А тогда, как мне кажется, были бы напрасны
все заботы о филологически вдохновленном
чтении, которое, однако, – в соответствии с
нашим прежним опытом злоупотребления
философией Ницше – должно служить
предпосылкой любой философски
обоснованной интерпретации.[20] II Здесь
оказывается разумным снова отступить в
сторону, остановиться, для того чтобы
направиться к самому Ницше и разглядеть его
духовный образ. И как первое мы примем в
нашем подходе, что Ницше был – не в равной
степени, но в одно и то же время –
музыкантом и поэтом, художником и
квалифицированным ученым-филологом с
философскими наклонностями. Как признает 24-летний
Ницше в одном из наумбургских воспоминаний
о своей жизни незадолго до переезда в
Базель, к философии он пришел от искусства,
а затем двинулся дальше к науке, чтобы
продвигаться здесь во все более узких
областях древней и новой филологии.
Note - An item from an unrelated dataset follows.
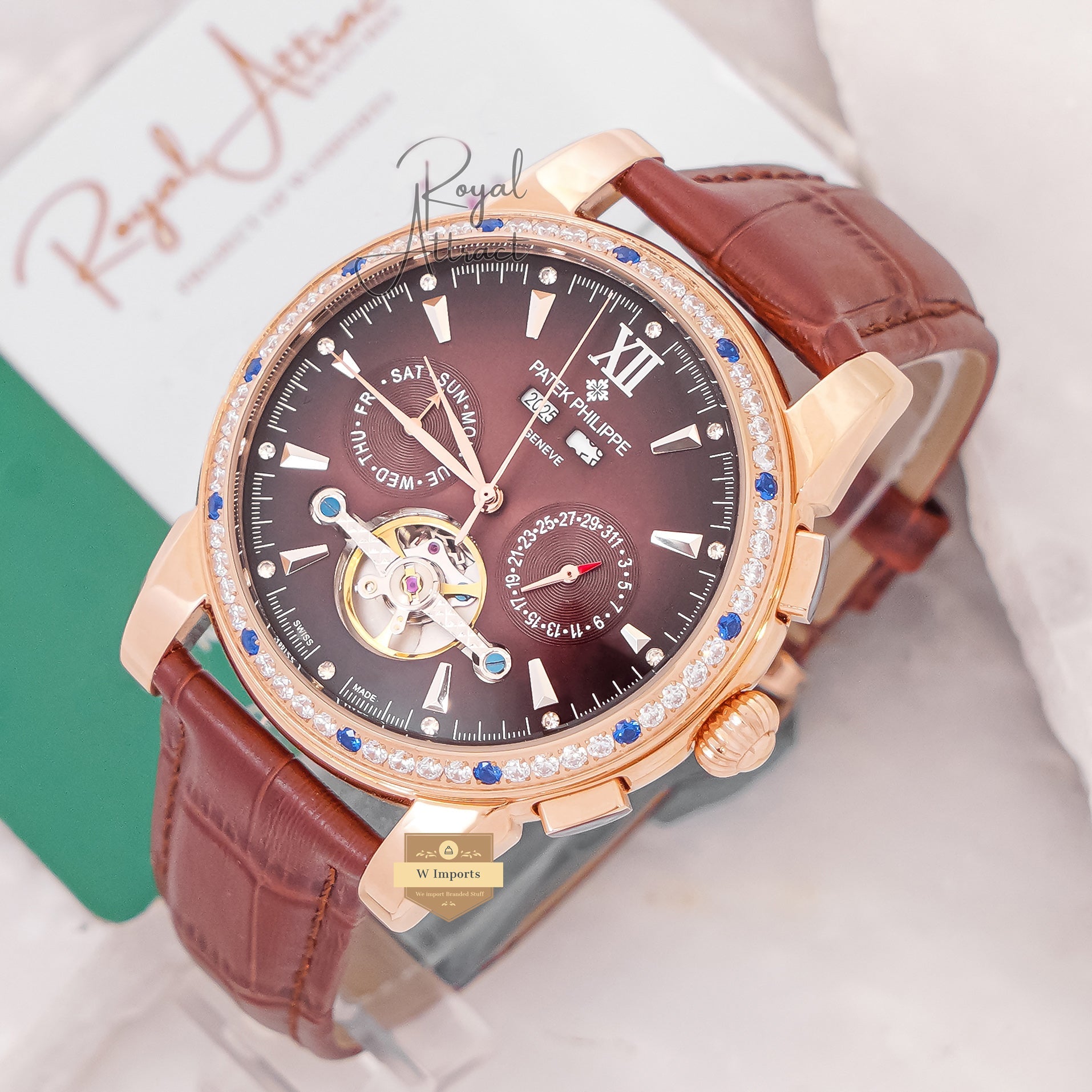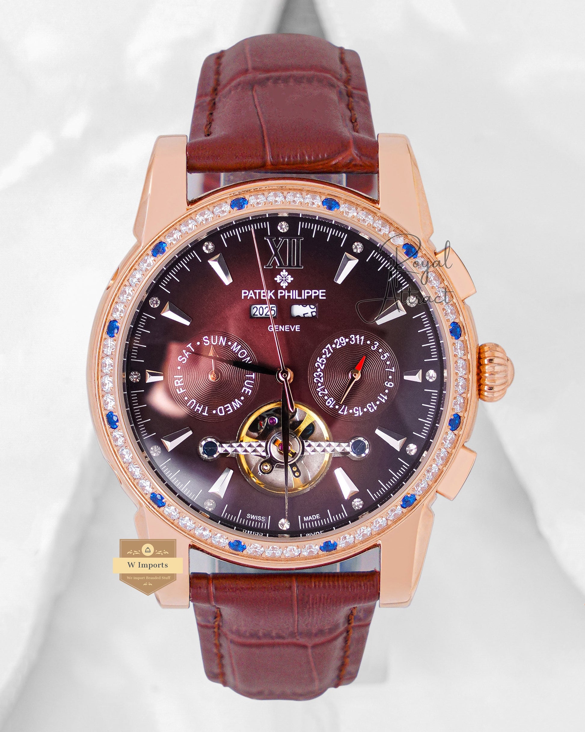Latest Collection Chronograph Rose Gold Stone Case With Brown Dial & Leather Strap For Men

Вплоть
до этого периода, продолжаются признания
Ницше, юная душа выхватывает из всего опыта
жизни и мышления лишь типическое – то, что
однажды происходит с ней, ниспровергая все
основы, а потом всегда присутствует
чеканной формой в качестве живой идеи,
развертывающей себя. Из того мира типов
душа "никогда более не выйдет", и даже
если позже этот идеализирующий взгляд
наших глаз угаснет, мы все еще будем
оставаться очарованными тем миром, который
мы носим в себе как завет нашей юности.[21] Это
признание подтверждает себя основами
философии Ницше, которые в зародыше
сформированы и отчеканены в наумбургские
годы, и все они обязаны филологическим
исследованиям, его любви к слову – от идеи
сверхчеловека до концепции возвращения
одного и того же, повторяющегося, которая и
содержится в мире типического. Поэтому
предостережение от дословного, буквального
его восприятия вводит в заблуждение.
Философ Ницше хотел, чтобы его воспринимали
в слове как филолога, и быть может,
величайшее несчастье в подходе к его
творчеству происходит от того, что по сей
день было сделано слишком мало таких
попыток. Итак, в
ходе наших размышлений спросим о
тематизации противоположностей у Ницше и о
мнимом расколе его философии.[22]
Сделаем попытку воспринять его дословно и
поднимем при этом вопрос о элементе
глубочайшей иронии, пародии и обратим его к
Ницше. Как
философ Ницше знает в нашем опыте природы и
истории только степени и не знает никаких
противоположностей, которые диалектически
определяются друг другом и с определенных
сторон должны примиряться, как это
предписывается тем наследуемым вплоть до
критической теории убеждением европейской
метафизики. Из логических противоречий мы
абстрагировали понятие противоположностей
логики и оттуда ошибочно перенесли его на
вещи. Поэтому Ницше требует изъять
противоположности из вещей, понимая, что их
туда привнесли мы.[23]
Столь же мало Ницше признает "дурное
противоречие". Да, эта морализирующая
манера речи оказывается для него прямо-таки
вершиной путаницы в чисто логических
проблемах. А они коренятся не в основных
понятиях этики, а в ходе жизненных
процессов, в факте нашей способности к
непротиворечивости в конкретных случаях,
которые толкают нас к воздержанию от
противоречия – непреложность законов
мышления, которую формализует
противоречивое высказывание. И поскольку по-человечески
"легче" мыслить противоположности
как постепенные различия в природе,
глубоко укорененная в нас склонность к
выбору легких способов действовать и
направленные этим по неверному пути
мыслительные привычки соблазняют в конце
концов к тому, чтобы
"также и внутреннюю природу, морально-духовный
мир, желать понимать и раскладывать в
соответствии с такими противоположностями". Так
возникает это метафизическое убеждение
диалектика – "вера в противоположность
ценностей".[24]
Когда Ницше говорит здесь о "противоположностях"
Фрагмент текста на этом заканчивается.